[What is expected]:
Reproduce nothing beyond the line containing "Camiseta de algodón, cuello". From the first line of the data below down to it, copy each line exactly, without the pictures.

Dataset entries:
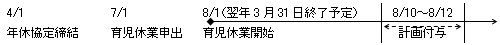 (例)「分割付与」として、4月1日に入社した者に入社時に5労働日、法定の基準日である10月1日に5労働日付与し、次年度の基準日は、本来翌年10月1日であるが、初年度にその付与日数の一部を法定の基準日以前に6箇月繰り上げたことから、同様に6箇月繰り上げ、翌年4月1日に11労働日付与する場合
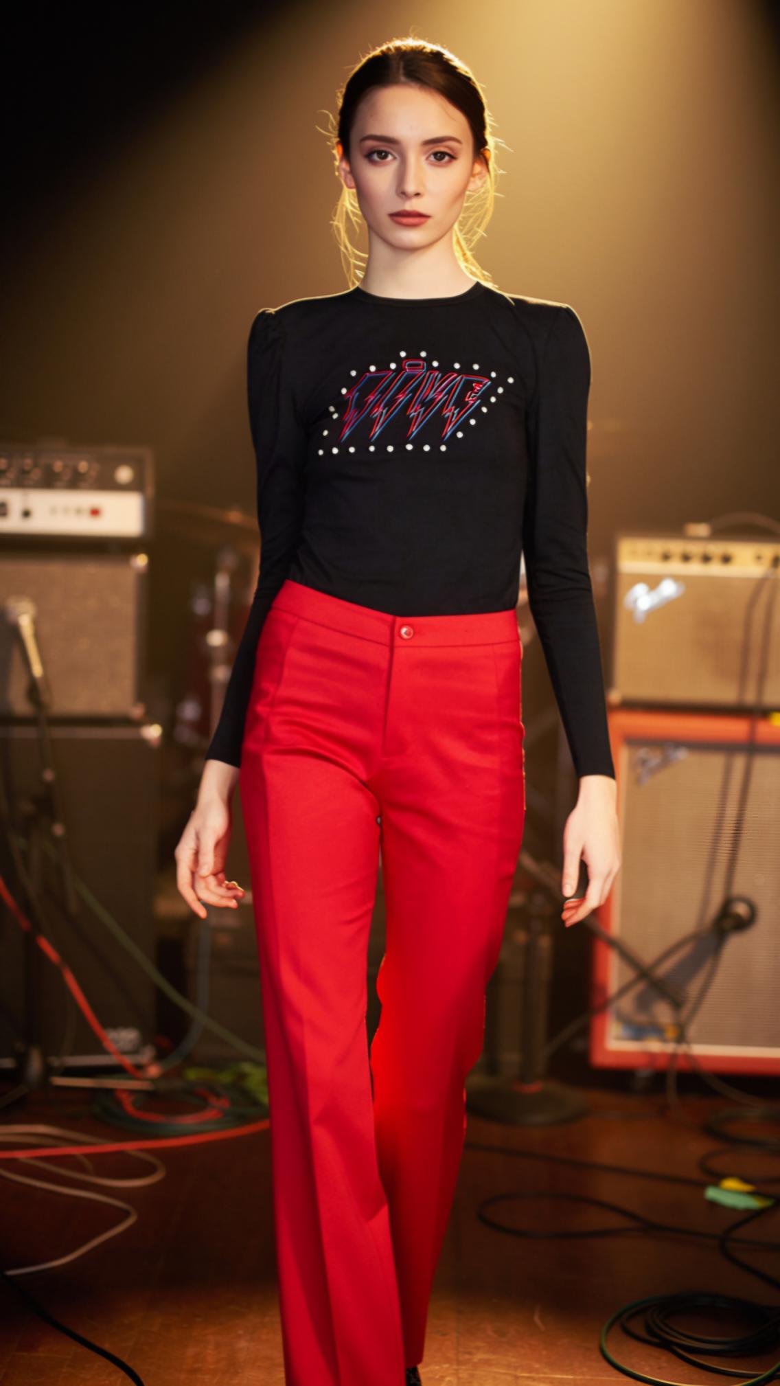 Camiseta de algodón, cuello redondo y manga larga con rizo en hombro. Delantera con bordado "VIVE" y perdreria.
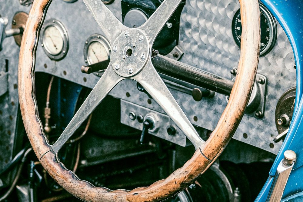 Detail in the interior on a Bugatti Type 35 vintage 1920s race car with a brushed aluminium dashboard. The Bugatti Type 35 was a very successful racing car in its time and was produced in a number of different versions.
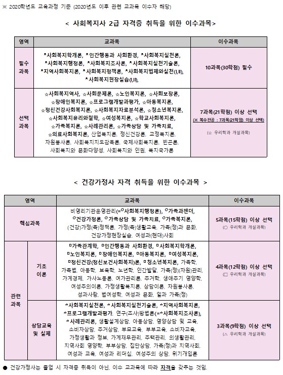 본 학과에서는 개인별 이수 교과목에 따라 사회복지사2급 및 건강가정사 자격이 주어집니다.
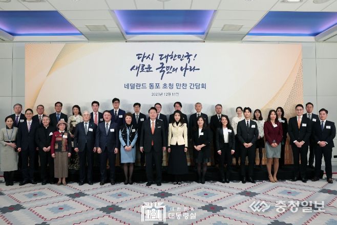 충청일보 김은경 기자 | 네덜란드를 국빈 방문 중인 윤석열 대통령은 김건희 여사와 함께 오늘(현지시간 12. 11, 월) 저녁 현지 동포 100여 명을 초청하여 만찬을 겸한 간담회를 가졌다. 이번 간담회는 네덜란드 전역에서 활발히 활동 중인 100여 명의 동포들이 참석한 가운데 진행됐다.
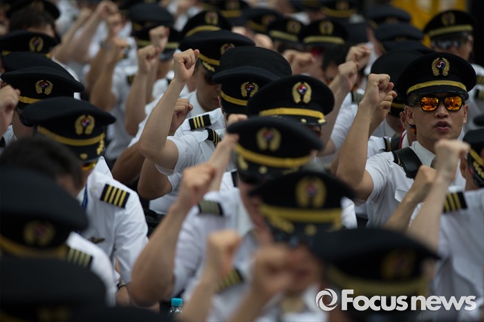 (서울=포커스뉴스) 9일 오후 서울 종로구 서울지방국세청 앞에서 열린 대한항공 경영정상화를 위한 세무조사 촉구대회에서 대한항공 조종사 노동조합 조합원들이 구호를 외치고 있다.
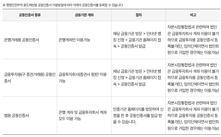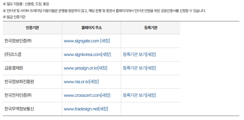 개인: 통장, 도장, 신분증(주민등록증 또는 운전면허증) 은행 계좌가 없는 경우, 신규 계좌 개설 후 공인인증서 이용 신청서를 작성해야 합니다.
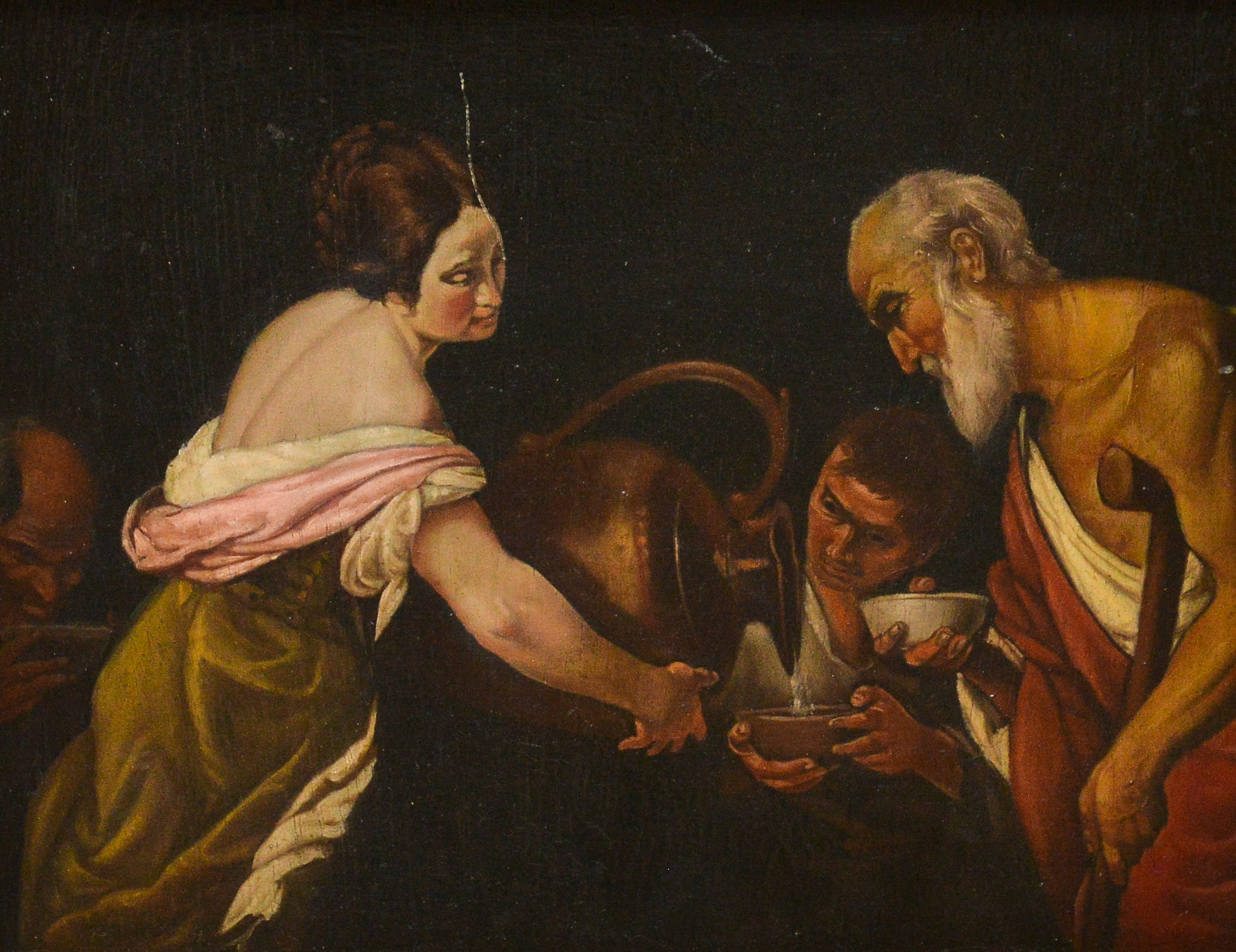 Bozzetto di scena seicentesca ad olio su tavoletta risalente alla fine dell'800. In cornice dorata a mecca coeva.
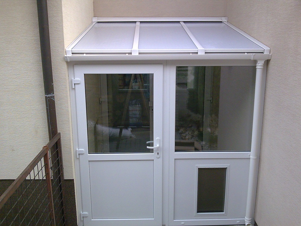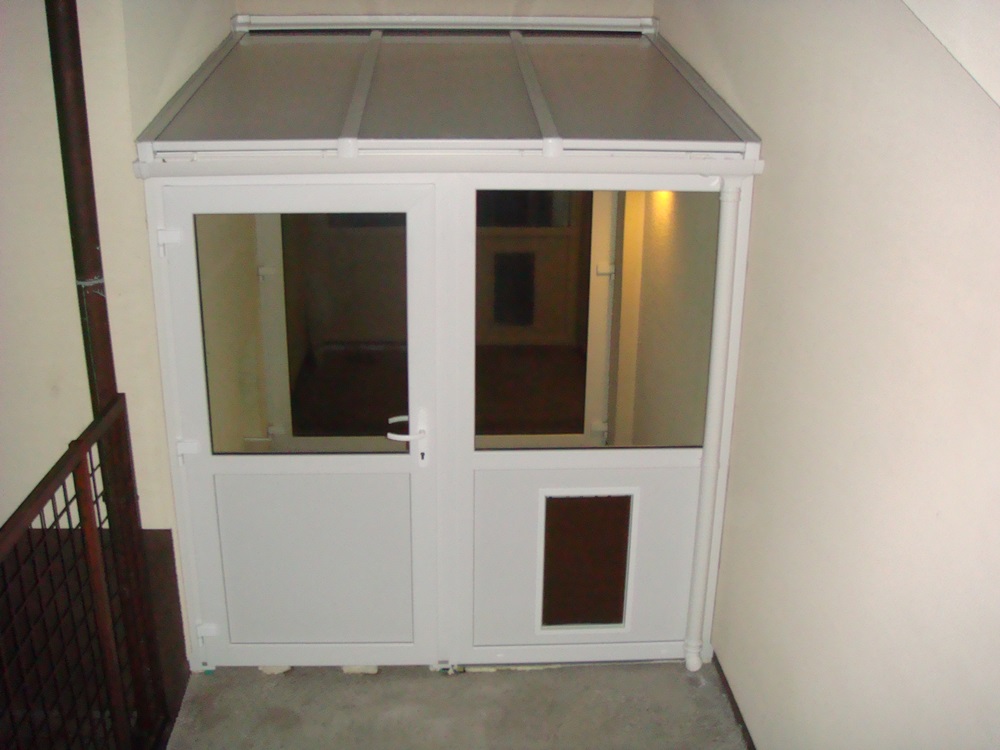 Ez az egyszerű kis télikert egy társas sorház hátsó bejárata – kijárata a kertbe. A tulajdonosok a házikedvencre is gondoltak és meglepték egy külön kutyabejáróval.
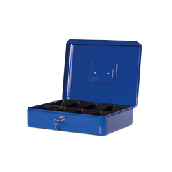 - Fabricata din otel rezistent, caseta ofera durabilitate si protectie impotriva uzurii zilnice. Finisajul albastru elegant si discret se potriveste in orice mediu profesional sau casnic. Este echipata cu un sistem de inchidere cu cheie pentru securitate sporita si vine cu o tavita interioara detasabila pentru organizarea monedelor si bancnotelor.
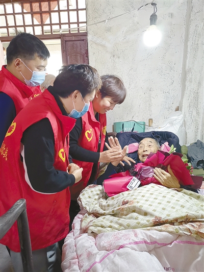 高慶賀家里條件一直不好,是漯河公益志愿者團隊關(guān)愛的對象。志愿者林紅蕊為老爺子送上鮮花,老人接過鮮花,躺在床上眉開眼笑,抱拳表示感謝(如圖)。

[Written reply]:
 (例)「分割付与」として、4月1日に入社した者に入社時に5労働日、法定の基準日である10月1日に5労働日付与し、次年度の基準日は、本来翌年10月1日であるが、初年度にその付与日数の一部を法定の基準日以前に6箇月繰り上げたことから、同様に6箇月繰り上げ、翌年4月1日に11労働日付与する場合
 Camiseta de algodón, cuello redondo y manga larga con rizo en hombro. Delantera con bordado "VIVE" y perdreria.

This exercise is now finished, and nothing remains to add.